• WORK REQUIRED: Would you reproduce the whole listing exactly, dropping any pictures it holds?

• COLLECTED DATA:
*** Begin section ***

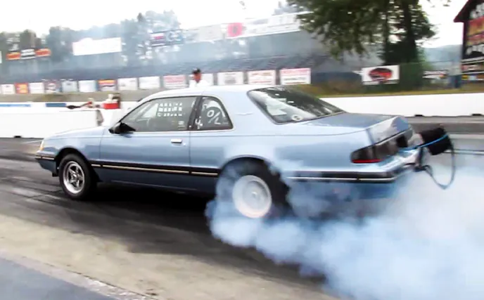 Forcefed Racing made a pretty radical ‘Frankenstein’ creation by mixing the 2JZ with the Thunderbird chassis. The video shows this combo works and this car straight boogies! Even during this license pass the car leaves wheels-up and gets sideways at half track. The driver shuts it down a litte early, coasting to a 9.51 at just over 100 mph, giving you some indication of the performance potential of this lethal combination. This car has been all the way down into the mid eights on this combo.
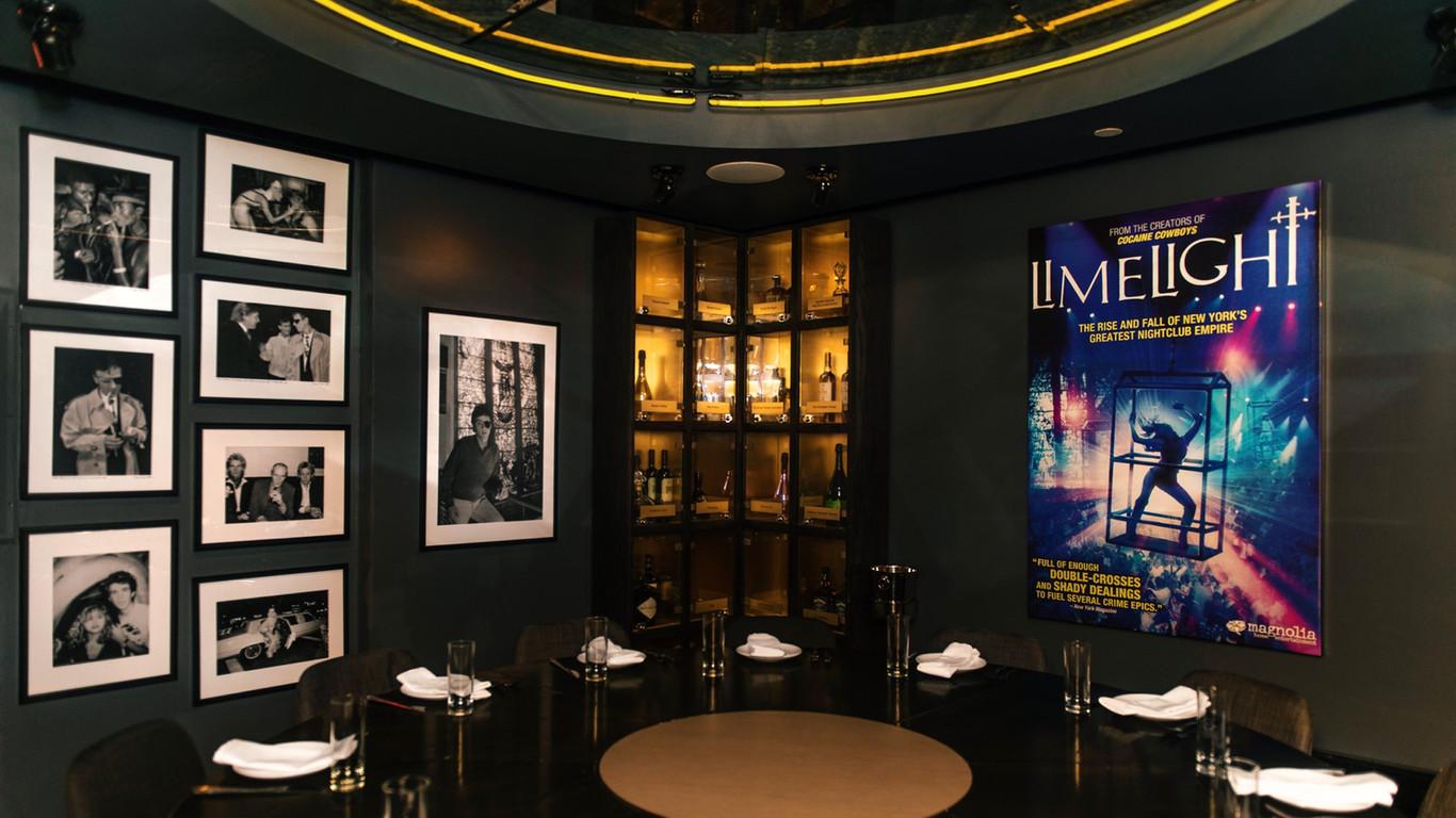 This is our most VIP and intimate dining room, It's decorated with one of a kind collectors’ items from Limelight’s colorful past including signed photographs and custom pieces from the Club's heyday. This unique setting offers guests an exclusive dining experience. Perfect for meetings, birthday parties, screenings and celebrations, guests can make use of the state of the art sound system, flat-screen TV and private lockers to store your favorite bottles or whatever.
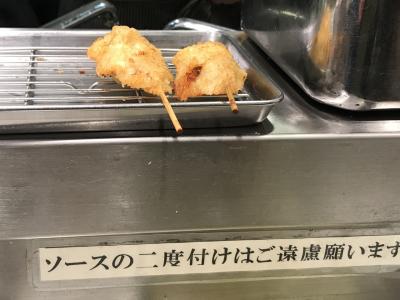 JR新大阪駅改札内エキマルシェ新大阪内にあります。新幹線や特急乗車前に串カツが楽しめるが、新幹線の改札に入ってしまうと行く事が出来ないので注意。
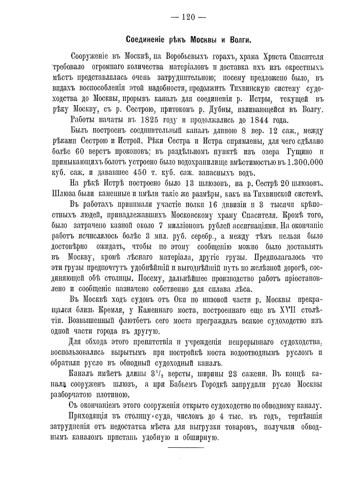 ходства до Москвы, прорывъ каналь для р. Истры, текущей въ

*** End section ***

• EXERCISE RESPONSE:
 Forcefed Racing made a pretty radical ‘Frankenstein’ creation by mixing the 2JZ with the Thunderbird chassis. The video shows this combo works and this car straight boogies! Even during this license pass the car leaves wheels-up and gets sideways at half track. The driver shuts it down a litte early, coasting to a 9.51 at just over 100 mph, giving you some indication of the performance potential of this lethal combination. This car has been all the way down into the mid eights on this combo.
 This is our most VIP and intimate dining room, It's decorated with one of a kind collectors’ items from Limelight’s colorful past including signed photographs and custom pieces from the Club's heyday. This unique setting offers guests an exclusive dining experience. Perfect for meetings, birthday parties, screenings and celebrations, guests can make use of the state of the art sound system, flat-screen TV and private lockers to store your favorite bottles or whatever.
 JR新大阪駅改札内エキマルシェ新大阪内にあります。新幹線や特急乗車前に串カツが楽しめるが、新幹線の改札に入ってしまうと行く事が出来ないので注意。
 ходства до Москвы, прорывъ каналь для р. Истры, текущей въ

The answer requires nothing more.